▶ [About this exercise]:
Give back only the lines in the records below from the one with "Habr-Aual och Isa;" to the one with "当地时间2025年10月9日", both inclusive, word for word.

BEGIN Supplied records

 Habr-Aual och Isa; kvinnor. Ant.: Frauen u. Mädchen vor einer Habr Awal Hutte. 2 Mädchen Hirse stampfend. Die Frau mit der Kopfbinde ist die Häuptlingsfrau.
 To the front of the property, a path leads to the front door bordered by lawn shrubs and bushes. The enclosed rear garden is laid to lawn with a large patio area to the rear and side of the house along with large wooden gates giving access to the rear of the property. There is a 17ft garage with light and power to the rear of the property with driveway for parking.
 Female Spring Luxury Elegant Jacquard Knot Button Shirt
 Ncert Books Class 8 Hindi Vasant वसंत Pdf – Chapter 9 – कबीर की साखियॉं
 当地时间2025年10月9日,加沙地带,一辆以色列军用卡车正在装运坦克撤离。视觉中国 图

END Supplied records
BEGIN Supplied records

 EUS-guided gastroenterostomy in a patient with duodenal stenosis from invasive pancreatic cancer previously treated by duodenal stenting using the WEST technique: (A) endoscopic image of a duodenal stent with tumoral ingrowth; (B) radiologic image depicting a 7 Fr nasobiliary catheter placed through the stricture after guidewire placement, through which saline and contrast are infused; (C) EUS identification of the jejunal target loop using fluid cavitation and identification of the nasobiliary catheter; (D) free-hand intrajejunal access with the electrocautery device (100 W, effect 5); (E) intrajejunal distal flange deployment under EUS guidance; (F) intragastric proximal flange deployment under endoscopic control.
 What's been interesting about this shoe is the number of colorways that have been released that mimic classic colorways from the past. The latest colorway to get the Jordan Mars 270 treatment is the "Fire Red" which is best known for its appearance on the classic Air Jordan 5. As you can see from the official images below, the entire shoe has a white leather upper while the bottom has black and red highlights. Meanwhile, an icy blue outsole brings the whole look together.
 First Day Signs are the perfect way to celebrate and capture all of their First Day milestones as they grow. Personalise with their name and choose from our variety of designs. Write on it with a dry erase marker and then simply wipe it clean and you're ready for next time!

END Supplied records

▶ [Exercise response]:
 Habr-Aual och Isa; kvinnor. Ant.: Frauen u. Mädchen vor einer Habr Awal Hutte. 2 Mädchen Hirse stampfend. Die Frau mit der Kopfbinde ist die Häuptlingsfrau.
 To the front of the property, a path leads to the front door bordered by lawn shrubs and bushes. The enclosed rear garden is laid to lawn with a large patio area to the rear and side of the house along with large wooden gates giving access to the rear of the property. There is a 17ft garage with light and power to the rear of the property with driveway for parking.
 Female Spring Luxury Elegant Jacquard Knot Button Shirt
 Ncert Books Class 8 Hindi Vasant वसंत Pdf – Chapter 9 – कबीर की साखियॉं
 当地时间2025年10月9日,加沙地带,一辆以色列军用卡车正在装运坦克撤离。视觉中国 图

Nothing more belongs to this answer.